BRIEF DESCRIPTION OF THE DRAWINGS
[0018] The inventive concept is now described, by way of example,
with reference to the accompanying drawings, in which:
[0019] FIG. 1 is a schematic diagram illustrating communications
networks according to embodiments;
[0020] FIG. 2 illustrates beam sweep when input to beam managements
is provided at a high rate or high frequency (2a) and at a low rate
or low frequency (2b).
[0021] FIG. 3 illustrates beam sweep when input to beam managements
is provided at a rate or frequency that is adapted based on an
estimation of the distance between the UE and the transmission
point;
[0022] FIG. 4 is a flowchart of methods according to
embodiments;
[0023] FIG. 5 is a schematic diagram showing functional units of a
network node according to an embodiment;
[0024] FIG. 6 is a schematic diagram showing functional units of a
user equipment according to an embodiment;
[0025] FIG. 7 illustrates beam sweep when input to beam managements
is provided at a rate or frequency that is adapted based on an
estimation of the distance between the UE and the transmission
point and/or on an estimation of the velocity at which the UE is
moving;
[0026] FIG. 8 shows one example of a computer program product
comprising computer readable storage medium according to an
embodiment.
DETAILED DESCRIPTION
[0027] The inventive concept will now be described more fully
hereinafter with reference to the accompanying drawings, in which
certain embodiments of the inventive concept are shown. This
inventive concept may, however, be embodied in many different forms
and should not be construed as limited to the embodiments set forth
herein; rather, these embodiments are provided by way of example so
that this disclosure will be thorough and complete, and will fully
convey the scope of the inventive concept to those skilled in the
art. Like numbers refer to like elements throughout the
description. Any step or feature illustrated by dashed lines should
be regarded as optional.
[0028] FIG. 1 is a schematic diagram illustrating a communications
network 100a where embodiments presented herein can be applied. The
communications network 100a could be a third generation (3G)

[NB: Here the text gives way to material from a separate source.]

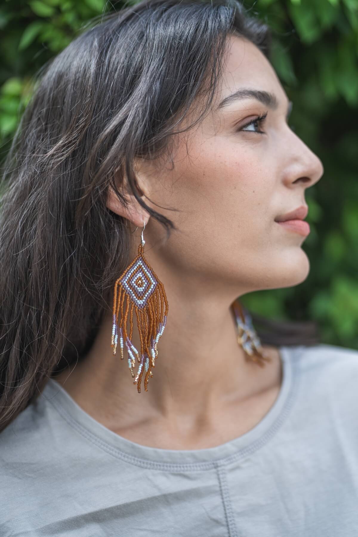 Our beautiful glass bead earrings make a bold statement due to the colour range and size of the piece. Featuring handmade glass beads, our handmade earrings are lightweight for their size and are a statement piece that add impact to any outfit.
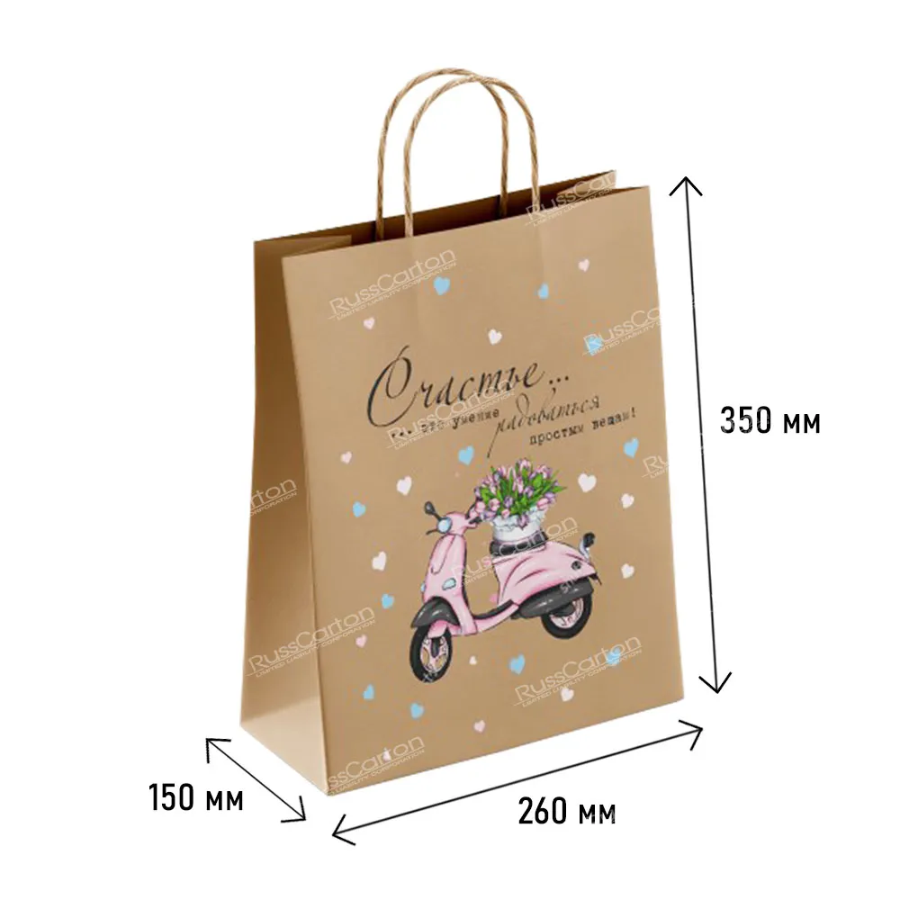 Крафт-пакет идеально подходит для упаковки подарков, сувениров, одежды и других товаров. Удобные крученые ручки рассчитаны на среднюю нагрузку, что делает его практичным для покупок. Размер 35х26х15 см позволяет разместить внутри как компактные, так и более объемные предметы. Изготовленный из прочного и экологически чистого материала, пакет гарантирует надежность использования. Стильный дизайн с надписью «Счастье есть» придаёт упаковке особую эстетичность. Этот пакет отлично подходит для розничной торговли, мероприятий и магазинов подарков — идеальный вариант для бизнеса, который ценит стиль и функциональность.

telecommunications network, a fourth generation (4G)
telecommunications network, or a fifth (5G) telecommunications
network and support any 3GPP telecommunications standard.

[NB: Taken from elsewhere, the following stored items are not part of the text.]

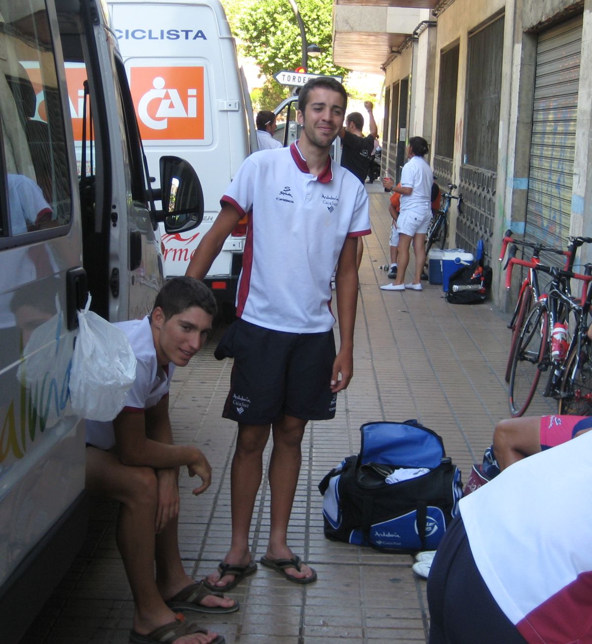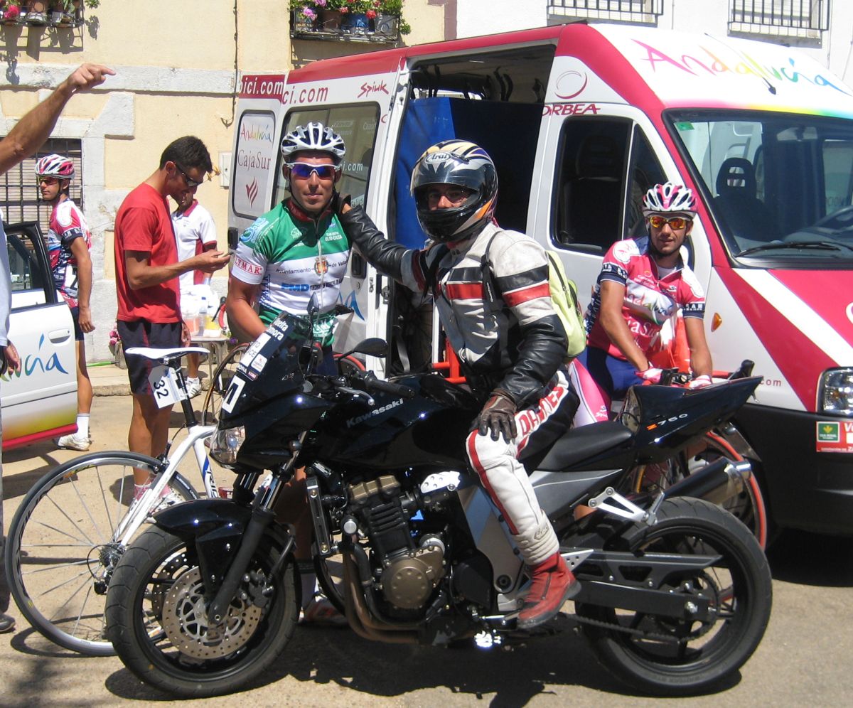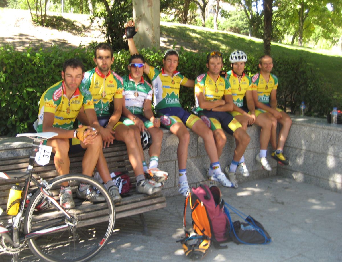 Luego la situación era estrategica para intentar ganar la vuelta con Segovia, el lider quedado. En el grupo ibamos Mantecón y yo para tirar de Segovia, en esos momentos se sacan fuerzas aunque no haya, asi que me puse a tirar entrando en Fermoselle, pero en el repecho del pueblo rasssss, rompí la cadena y me dió tanta rabia y tan tenso iba que me tiré a la acera a descansar, hasta que me dieron una bici de repuesto, pero yo ya no tenía nada que hacer, me paré tropecientas veces a ponerla a medida para terminar comodo la etapa. Tenía que haberme parado a esperar a la ultima grupeta pero llegue solo con otros 3.
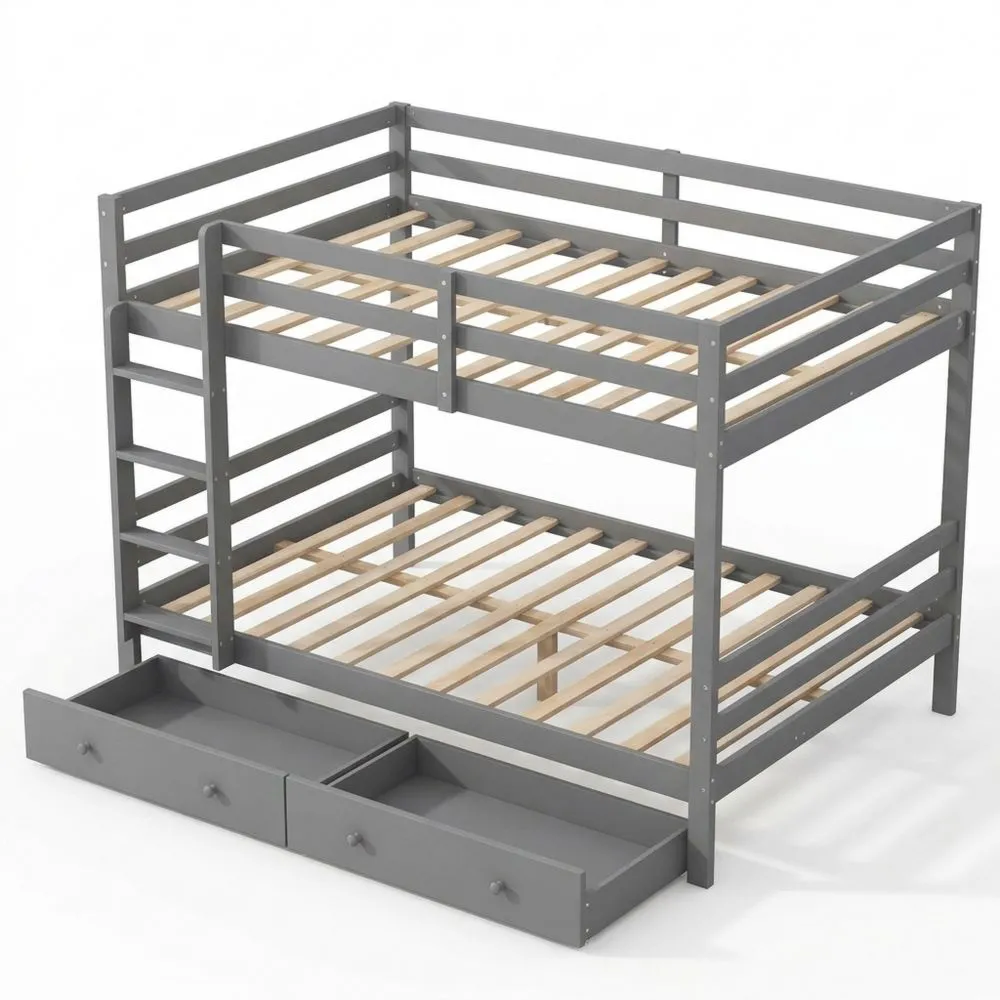 Este cama está fabricada con madera de pino y MDF. Cuenta con un compartimento de almacenamiento bajo la cama donde se pueden guardar juguetes, libros y más. El diseño aprovecha el espacio y mantiene el orden en la habitación. El cajón inferior es extraíble, facilitando su uso y adaptándose a diferentes necesidades.
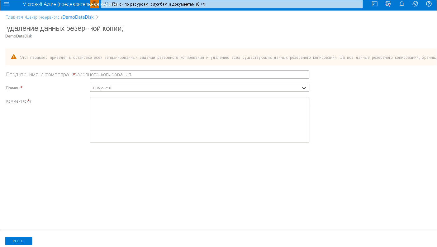 Укажите имя экземпляра резервной копии, причину удаления и другие комментарии.
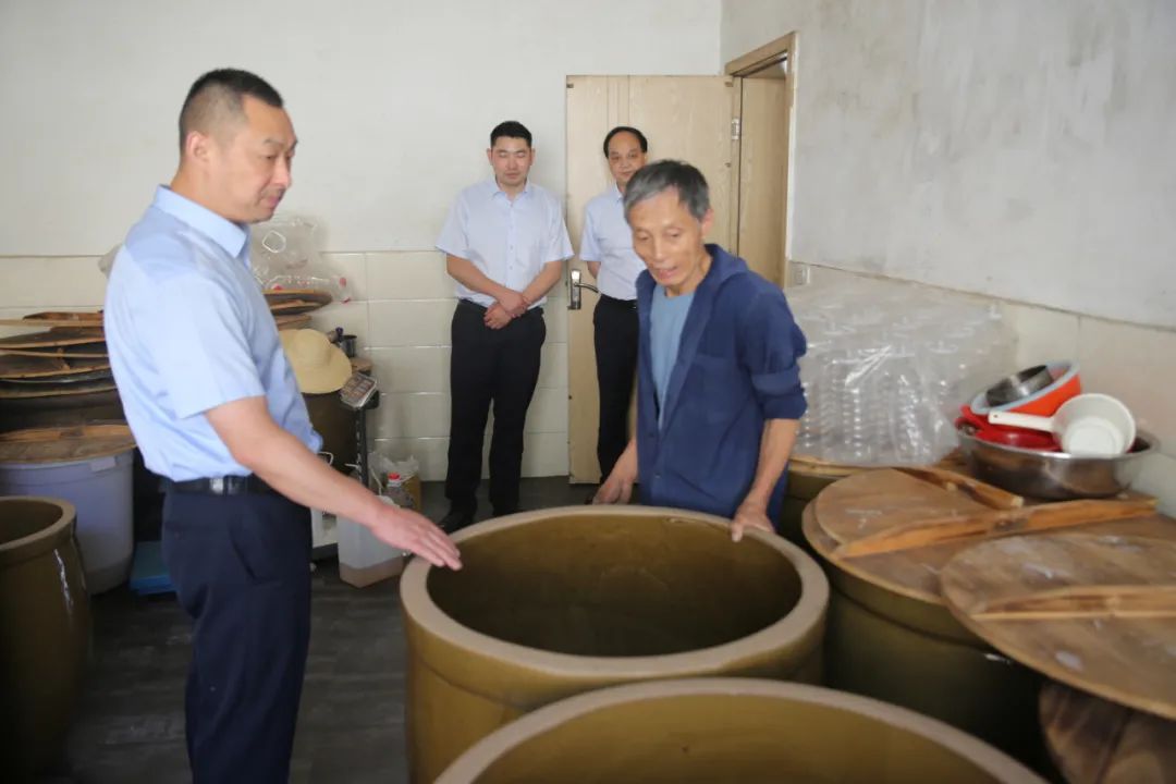 在土城镇土城村慧泉黄酒作坊,辛明宏实地参观了黄酒生产间、销售间,就黄酒酿造工艺、存放方法、经营成本等与农户进行深入交流探讨,为农户算清盈利账,并表示农商行将持续支持黄酒产业发展,加大金融支持力度,为农户产业发展提供有温度、有力度的金融服务。

[0029] The communications network 100a comprises a transmission
point, TP, 140 including an antenna device 500 which may be a
Multiple-Input Multiple-Output (MIMO) antenna including two or more
antennas. The antenna device 500 is connected to a radio device
400. The communications network 100a further includes the network
node 200 may include one or more TPs. The network node is
configured to, in a radio access network 110, provide network
access to an user equipment, UE, 300. The radio access network 110
is operatively connected to a core network 120. The core network
120 is in turn operatively connected to a service network 130, such
as the Internet. The UE 300 is thereby, via network node and the
transmission point 140, enabled to access services of, and exchange
data with, the service network 130. Examples of network nodes are
radio access network nodes, radio base stations, base transceiver
stations, Node Bs, evolved Node Bs, g Node Bs, access points,
access nodes, antenna integrated radios (AIRs), and transmission
and reception points (TRPs). Examples of UEs are, terminal devices,
wireless devices, mobile stations, mobile phones, handsets,
wireless local loop phones, smartphones, laptop computers, tablet
computers, network equipped sensors, network equipped vehicles, and
so-called Internet of Things devices.
[0030] The network node 200 provides network access in the radio
access network 110 by transmitting signals to, and receiving
signals from, the UE 300 using beams. The signals could be
transmitted from, and received by, a network node 200, using a
transmission and reception points.
[0031] A UE moving from point D to point E in FIGS. 2a and 2b would
be served be three different beams, one beam in sector A, one beam
in sector B and one beam in sector C. A UE moving from point F to
point G would also be served by three different beams, one in
sector A, one in sector B and one in sector C. However, as can be
seen from FIG. 2, a UE moving from point D to point E will be
closer to the transmission point compared to a UE moving from point
F to G. A UE moving between D and E will therefore spend less time
being served by each individual beam 150 compared to a UE moving
between F and G, under the assumption the UE is moving at the same
speed between point D to point E and between point F to point
G.
[0032] Beam sweeping is performed to find a suitable beam for the
UE within the set of beams and is directed to the operation of
covering a spatial area, such as one of the sectors in FIGS. 2, 3
and 7, with beams transmitted from a transmission point 140 during
a time interval in a predefined way. When moving between the
sectors, the UE changes the serving beam. In one embodiment the UE
or the network performs beam measurement to determine which beam
that is currently the most advantageous to use. This beam
determination may be based on beam measurements. The beam
determination refers to the selection of the suitable beam or beams
either at the network node or at the UE, according to the
measurements obtained with the beam measurements. Beam measurements
during a beam sweep may refer to evaluation of the quality of the
received signal at the network node or at the UE. Different metrics
could be used such as RSRP, RSRQ and SINR or SNR for this purpose
but the embodiments herein are not limited thereto. Other relevant
metrics may include references signals such as (CSI-RS),
measurement reports such as CSI reports and/or uplink/downlink
sounding references signals (SRS), where some of the metric may be
periodic, aperiodic or event driven.
[0033] While the terminal device is moving from point D to point E
in FIG. 2 it will provide input to beam management at points or
instances 160. The input to beam management may include beam
measurements. Under the assumption that the inputs 160 to beam
management are given at the same frequency, i.e. at the same rate,
a UE when moving from D to E would then provide input to beam
management at far less occasion as compared to when moving from F
to G, if moving at the same speed between D and E and between F and
G. In FIG. 2b it can be seen that if rate with which input is given
to beam management is low then there may be occasion where no input
is given to beam management. In the embodiment of FIG. 2b no input
is provided in sectors A and B when the UE is moving between D and
E. When the UE is moving between D and E is will be closer to the
transmission point compared to moving the distance between F and G.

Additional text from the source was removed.